DATA FOR PROCESSING

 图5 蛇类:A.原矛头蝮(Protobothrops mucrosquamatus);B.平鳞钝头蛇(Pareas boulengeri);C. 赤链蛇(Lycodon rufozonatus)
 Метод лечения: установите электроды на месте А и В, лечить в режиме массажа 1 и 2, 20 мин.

==

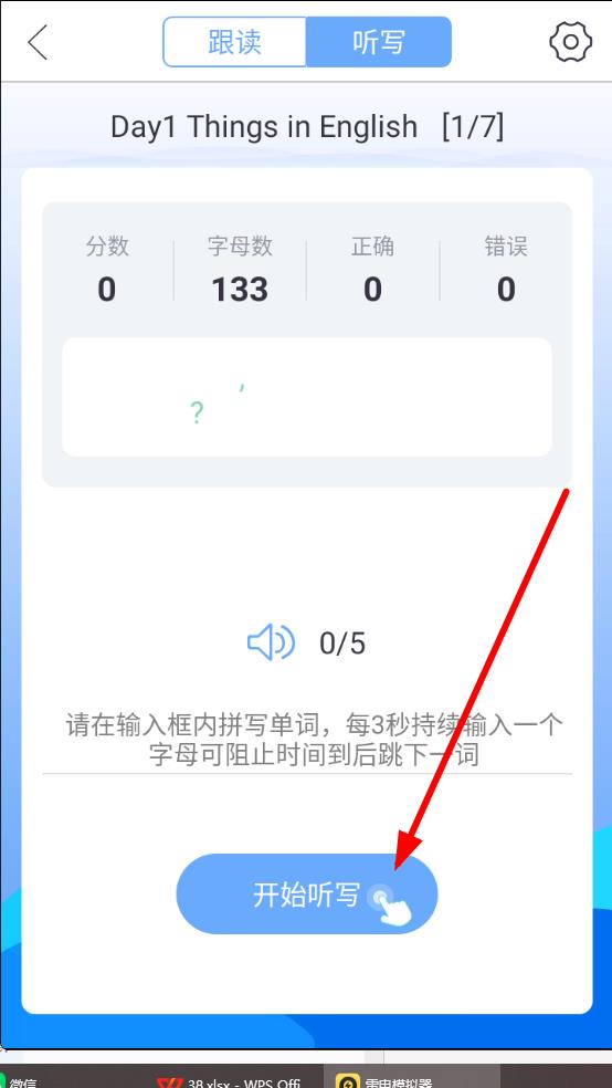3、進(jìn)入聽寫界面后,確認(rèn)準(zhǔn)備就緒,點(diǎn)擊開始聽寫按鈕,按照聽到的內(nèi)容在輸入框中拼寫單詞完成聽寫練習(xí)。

ABOUT THIS EXERCISE
Here the job is to set down exactly the lines of the material above that fall between the one with "图5 蛇类:A.原矛头蝮(Protobothrops mucrosquamatus);B.平鳞钝头蛇(Pareas" and the one with "Метод лечения: установите", inclusive, and nothing beyond them.

OUTPUT BELOW
 图5 蛇类:A.原矛头蝮(Protobothrops mucrosquamatus);B.平鳞钝头蛇(Pareas boulengeri);C. 赤链蛇(Lycodon rufozonatus)
 Метод лечения: установите электроды на месте А и В, лечить в режиме массажа 1 и 2, 20 мин.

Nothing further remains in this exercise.